Opera Van Java (abbreviated as OVJ) is an improvisation comedy show broadcast on the Indonesian TV station Trans7. The show's concept is of wayang orang performances in a modern setting. As such, all positions are referred as wayang.

The sketches are varied. They may be adapted from Indonesian folklore, biographies of famous persons, fiction, mystery stories, foreign stories, or popular culture.

The name Opera Van Java likely comes as a parody of nickname of several places in Java by the Dutch during Indonesia's colonial times (i.e. Parijs van Java (Paris of Java) for Bandung), hence the name means Opera of Java.

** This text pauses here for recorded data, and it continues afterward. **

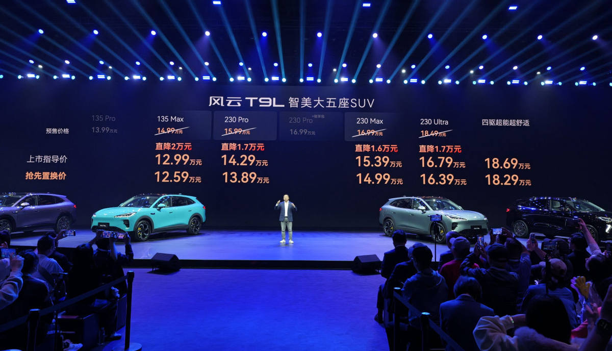 4月13日,家用“智”美大五座SUV——风云T9L正式上市,官方指导价12.99~18.69万元。
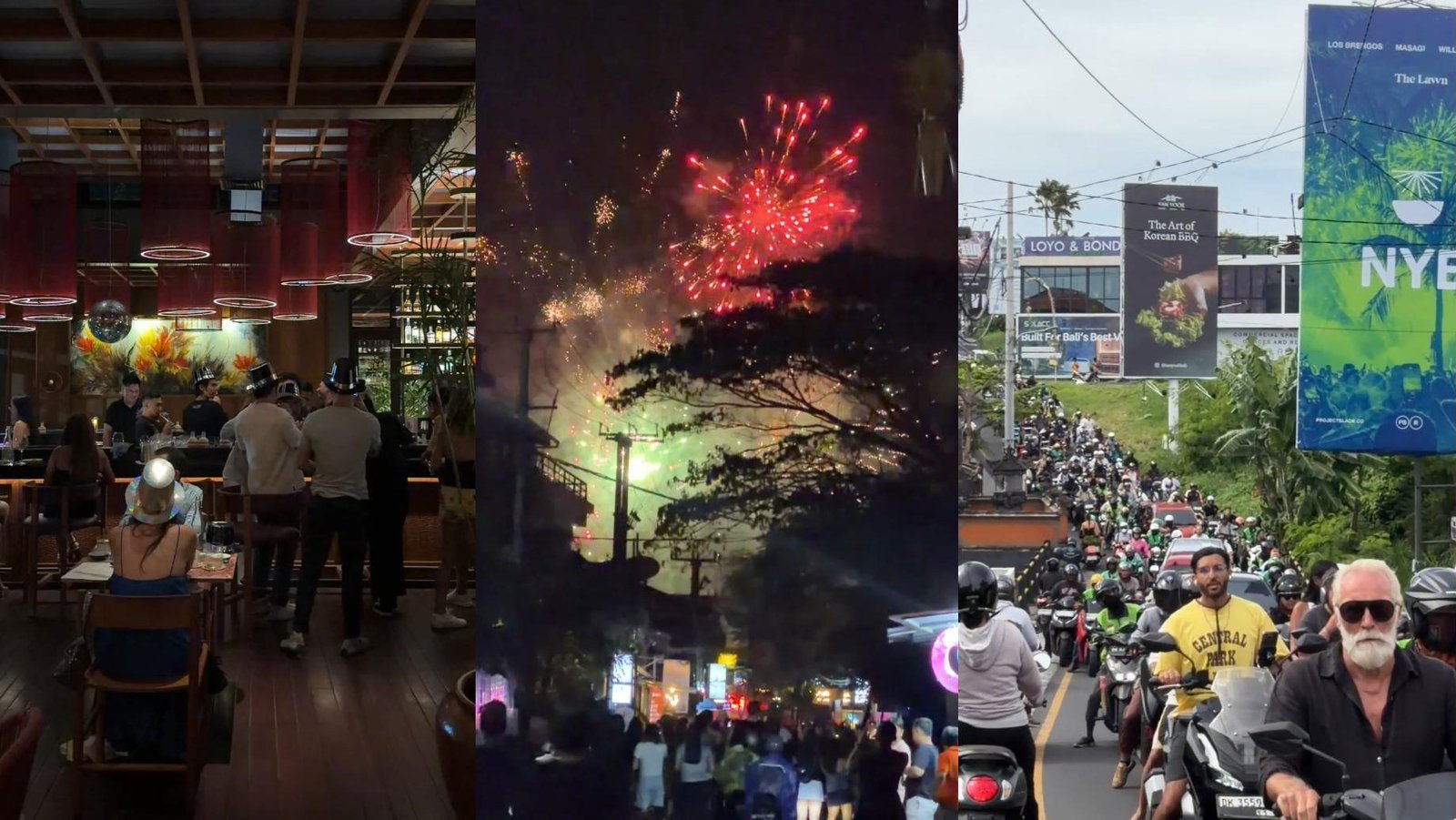 Lalu langit menyala. Kembang api meledak, sorak pecah, dan Bali kembali menjadi latar yang sempurna untuk euforia kolektif. Beberapa detik kemudian, gelap datang lagi. Keramaian perlahan bergerak, meninggalkan sisa suara, sampah, dan kelelahan yang tidak selalu terlihat di layar.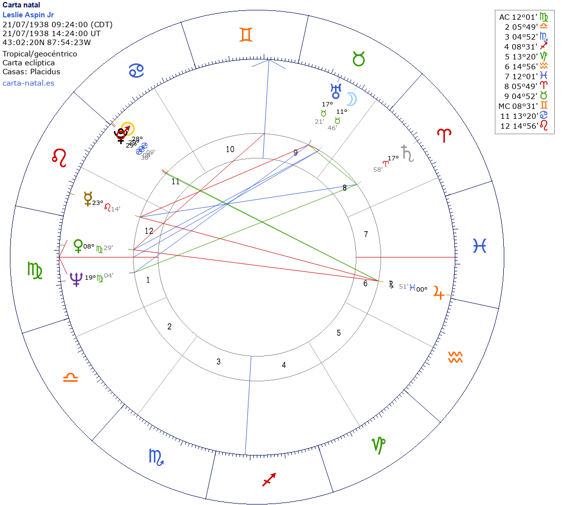 Esta es la carta natal de Leslie Aspin Jr, político, Secretario de Defensa de EE.UU.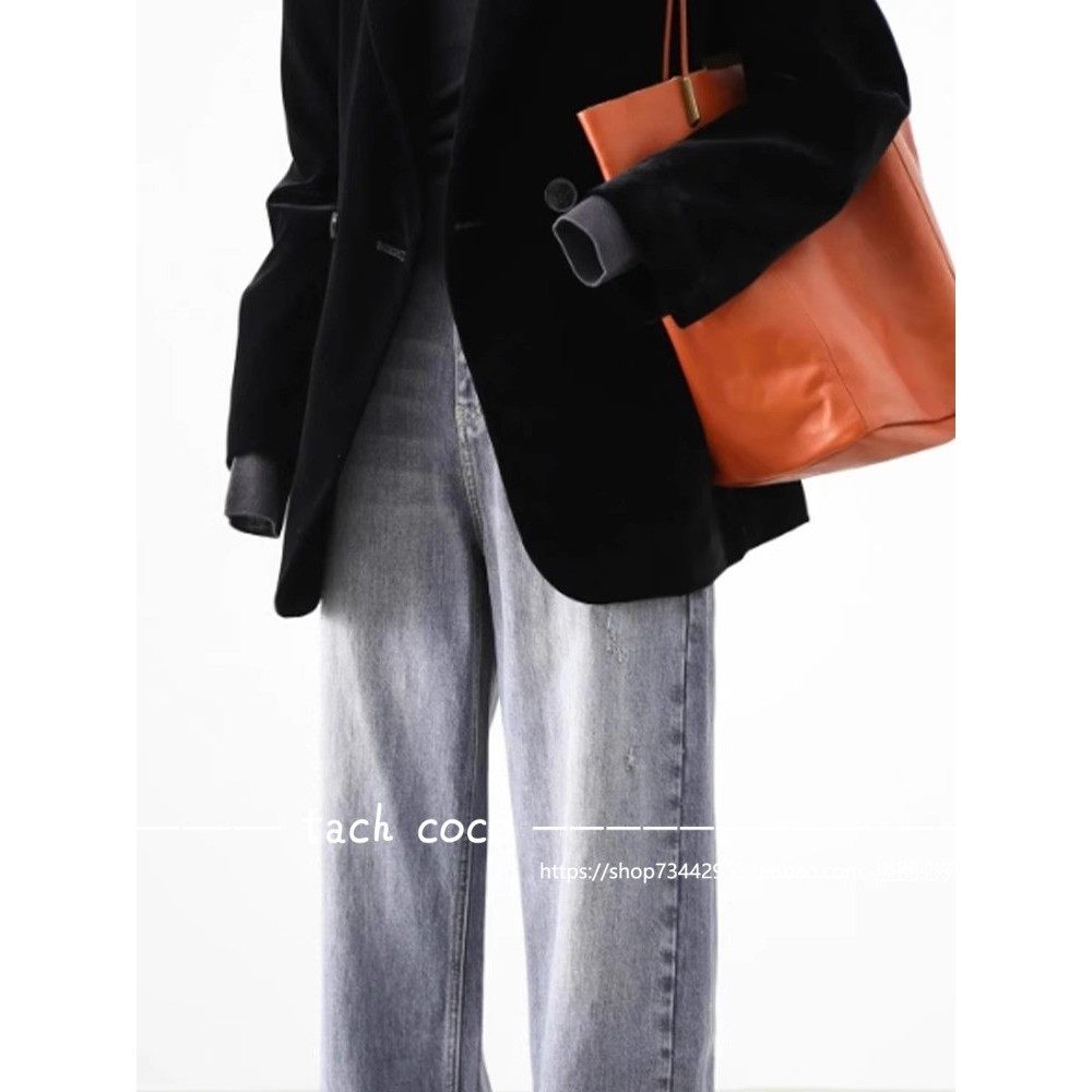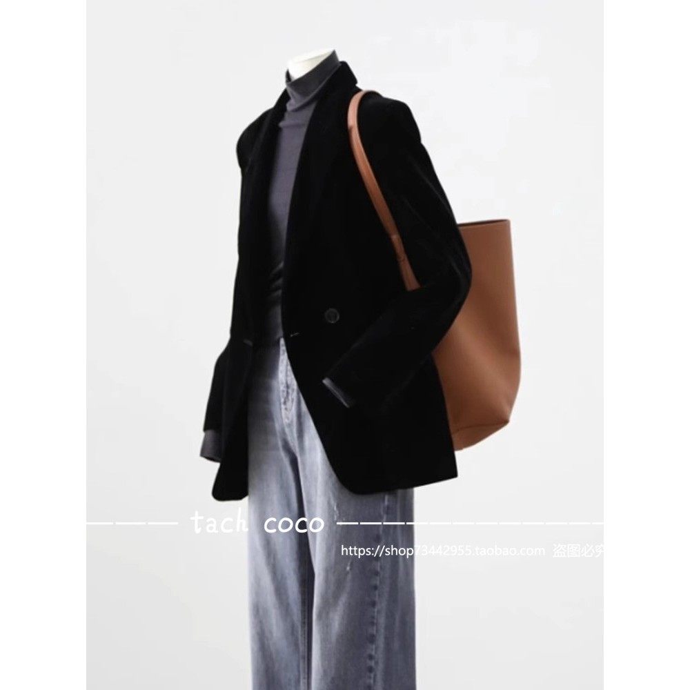 Tach Coco法式覆古百搭西装领通勤上衣女2025秋冬季西装丝绒外套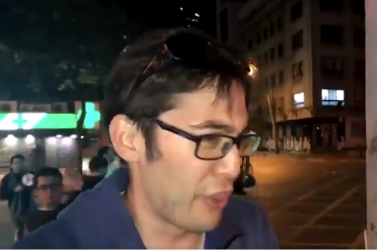 El momento en que manifestante es golpeado en la cabeza por bomba lacrimógena en plena entrevista con la BBC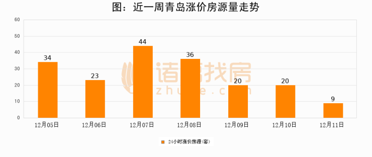 根据诸葛找房数据显示,青岛24小时涨价房源量为9套,较12月10日减少11套,环比下降55%。与此同时,涨价房源占比小幅回落,对于购房者来说是一个入市窗口期,购房者可抓住时机入市。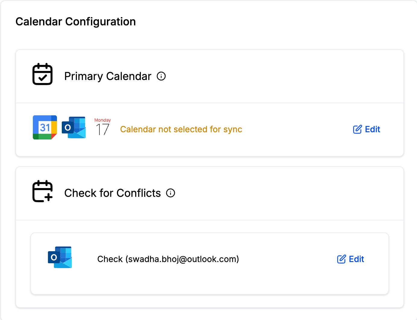You can configure your calendar under Settings > My Profile. There are primarily two settings, Primary Calendar and Check for Conflicts. All the third party calendar integrations added by the User are shown here.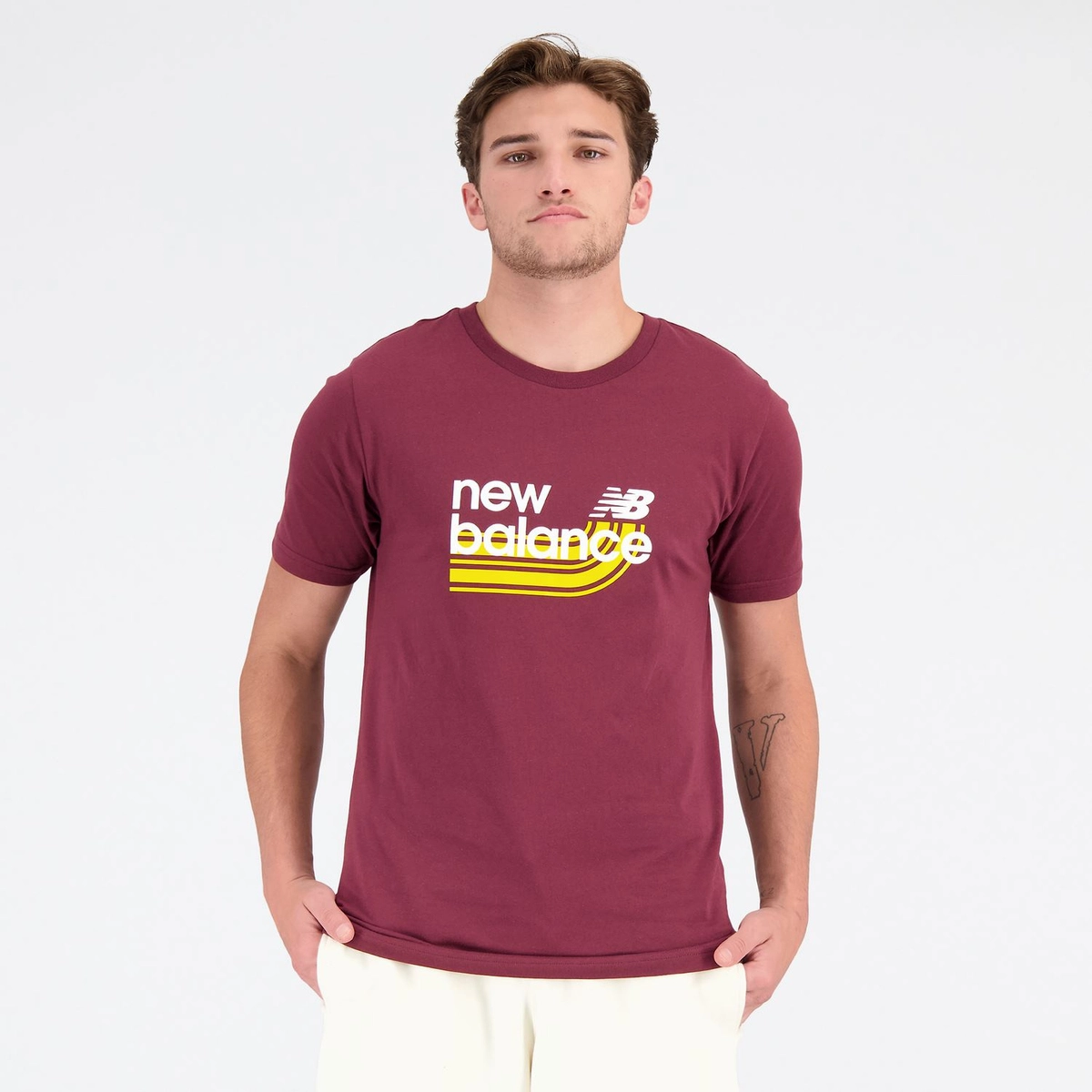 W centralnej części klatki piersiowej znajduje się grafika z logotypem marki i napisem New Balance.
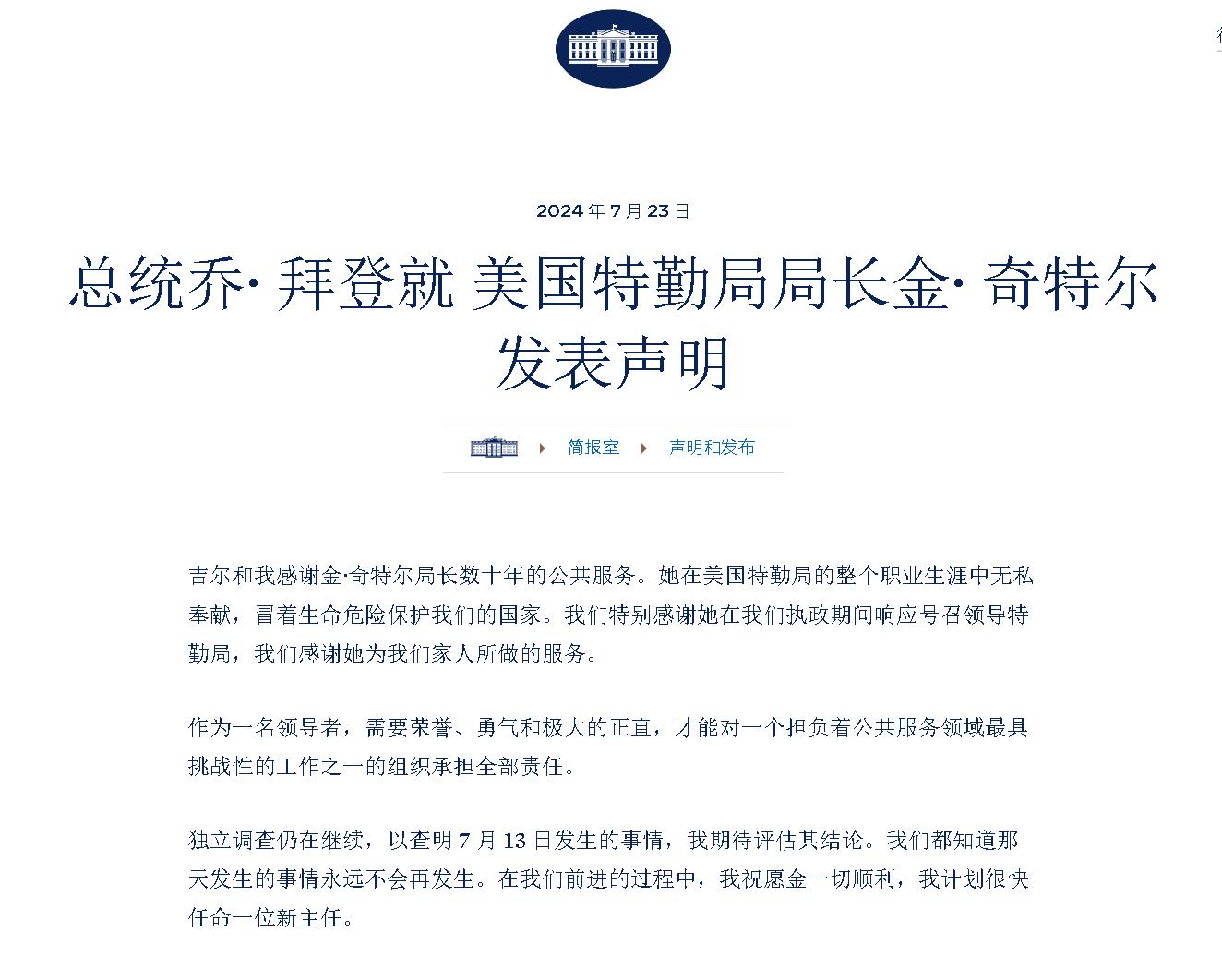 美國(guó)總統(tǒng)拜登23日發(fā)表聲明,感謝奇特爾在職期間為國(guó)家作出的貢獻(xiàn),并表示“未遂刺殺”事件獨(dú)立審查工作仍在繼續(xù),他將很快任命新的特勤局局長(zhǎng)。美國(guó)國(guó)土安全部長(zhǎng)馬約卡斯隨后在一份聲明中宣布,特勤局副局長(zhǎng)羅納德·羅已被任命為特勤局代理局長(zhǎng)。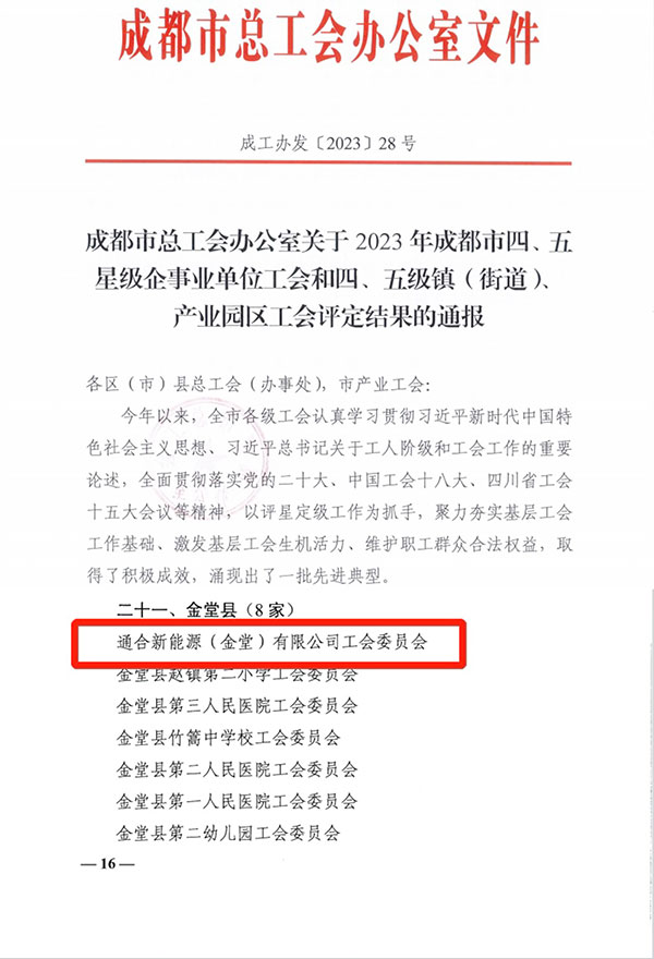 近日,成都市總工會發布《成工辦發〔2023〕28號成都市總工會辦公室關于2023年成都市四、五星級企事業單位工會和四、五級鎮(街道)、產業園區工會評定結果的通報》,其中,通合新能源工會被成都市總工會評為“2023年成都市四星級工會”。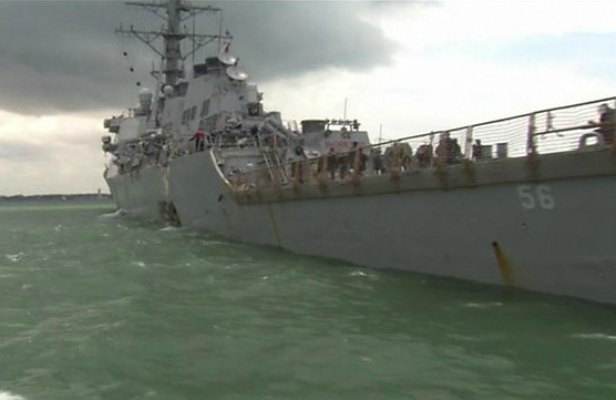 Singapore and US authorities said the destroyer sustained damage to her port side, which is the left-hand side of the vessel facing forward.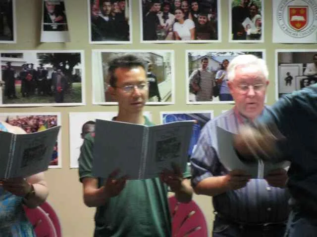 Eric taught voice class. There was a good balance of men and women. He handed us spiral-bound books of musical selections.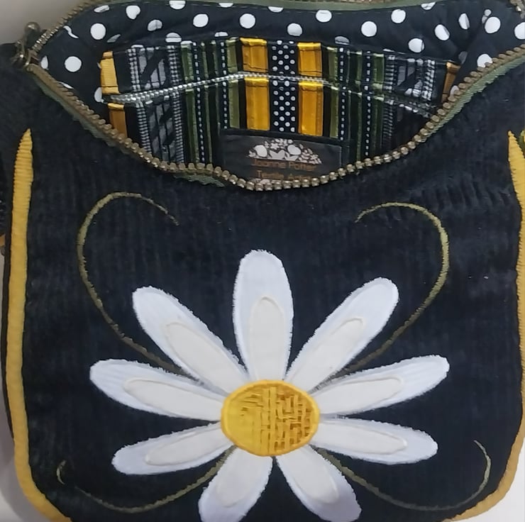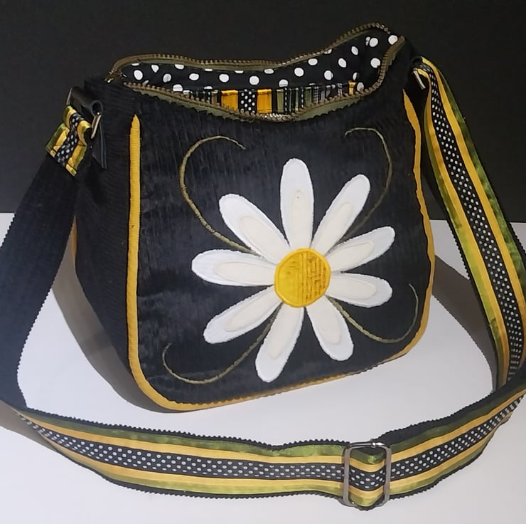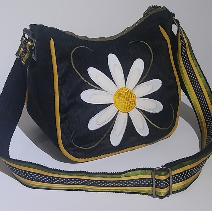 A chunky black corduroy features a simple white and yellow daisy, with petals made from a crisp white corduroy with a finer cream pin cord and a vintage sunny yellow center..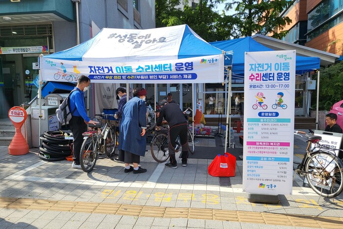 한편, 성동구는 '찾아가는 자전거 이동수리센터' 외 자전거를 상시 수리할 수 있는 상설 자전거 수리센터도 옥수역 인근(옥수동 168-1)에서 중이다. 해당 수리센터는 공휴일을 제외한 평일과 주말 모두 이용할 수 있고, 오전 9시부터 오후 6시까지 운영된다.

On 15 August 2016, Opera Van Java was revived with the new stars.

Special shows

Sahurnya OVJ
Sahurnya OVJ was a special Ramadan edition of Opera Van Java which began airing in 2009. It was broadcast at dawn, coinciding with suhoor.

Panas Dingin Awards
Starting in 2011, OVJ appeared in different designs, namely Panas DIngin Awards. It is served as the parody of Panasonic Gobel Awards. The reason of this parody is the Trans Corp (the sole owner of Trans7) have felt cheated by MNC (owner of RCTI, the official broadcaster of the real awards for many consecutive years) because it was considered not fair in determining the winners.

Opera Van Java Awards
Beginning on 11 June 2011, OVJ began holding the Opera Van Java Awards, an annual appreciation night for the guest stars who had appeared on Opera Van Java.

OVJ Roadshow
Since 2010, OVJ has held shows in many cities in Indonesia, usually broadcast as OVJ Roadshow. The roadshow is held twice on Saturdays: in the afternoon (recorded for later airing) and at night (live).

Copa Van Indonesia

After the successful of the Copa Indonesia football competition in 2009, in 2010, OVJ appeared in a format which mixed football with comedy in the first time, the Copa Van Indonesia. It was based on the Copa Indonesia, and held every 2 years after the Copa Indonesia season. And, in 2011, OVJ is held the next football competition, but in annual, is OVJ Cup. Also same as Piala Indonesia.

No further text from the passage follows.